I was in a sort of a retreat last weekend and no thoughts of you even bothered me a bit (okay fine, maybe a little ‘cause who am I kidding right). I was very happy with how I was handling things and I thought I was already starting to get over you. Come Sunday afternoon with that oddly horrendous dream and everything I’ve worked hard for goes down the drain like sand going through that slit of space inside an hourglass.
I am such a mess and one can only imagine that a person like me has to go through this kind of pain without the ability of expressing it openly. I can’t and don’t want to because I’d rather cry my pain in the confines of my bedroom where no one else hears my sobbing and sees my crying. I don’t want to verbally explain how things are because I will just bawl my eyes out, almost wanting to remove them from my eye sockets. It’s that bad.

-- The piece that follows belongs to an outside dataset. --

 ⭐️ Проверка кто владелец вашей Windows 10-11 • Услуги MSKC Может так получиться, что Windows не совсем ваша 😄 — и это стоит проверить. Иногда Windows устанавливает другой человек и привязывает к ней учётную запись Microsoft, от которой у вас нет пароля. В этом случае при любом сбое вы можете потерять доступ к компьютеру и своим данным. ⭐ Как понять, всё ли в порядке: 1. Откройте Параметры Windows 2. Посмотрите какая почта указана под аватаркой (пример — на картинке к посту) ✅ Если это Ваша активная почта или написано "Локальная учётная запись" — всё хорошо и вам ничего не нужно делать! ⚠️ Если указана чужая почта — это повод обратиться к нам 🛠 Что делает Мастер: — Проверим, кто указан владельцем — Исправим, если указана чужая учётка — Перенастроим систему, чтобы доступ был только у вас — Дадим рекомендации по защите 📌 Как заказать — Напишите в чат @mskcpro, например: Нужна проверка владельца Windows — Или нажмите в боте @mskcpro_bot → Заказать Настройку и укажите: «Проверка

I kind of wish you just cheated on me so it would have been better to hate on you and eventually forget about you. But no. Your warm memories reverberate inside my head and consequentially my eyes miss seeing your lovely face. How is it possible to love and hate someone for loving you and making you love her this much? Just… How?

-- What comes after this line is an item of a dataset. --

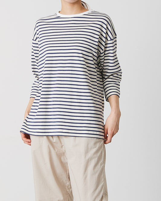 LILOU+LILY 30/1BORDER 6TH SLEEVE TEE 2501TS-0519

I have been denying myself of the fact that I am still not over you – mainly because I have been telling people that I have (gotten over you) and I, myself, have even believed that self-concocted lie. I will go back to ground zero and make myself feel the pain. I believe that pain needs to be felt in order for it to be eliminated (refer to Unsent Letter #2). I believe one has to cry everything out so there will be no more. I believe I will get over you – sooner or later. I’ll get there. It’s a process and I will trust it.
Someone told me a while ago how strong I am. I do believe that I am strong but strong people get tired too. And I guess right now, I’m just really, really tired. I’m tired of hiding all these feelings – these feelings that slowly break me and immediately tear me apart.
I love you but/and I hate you for putting me through this.
But mostly I miss you and I just wanna see your face in the end.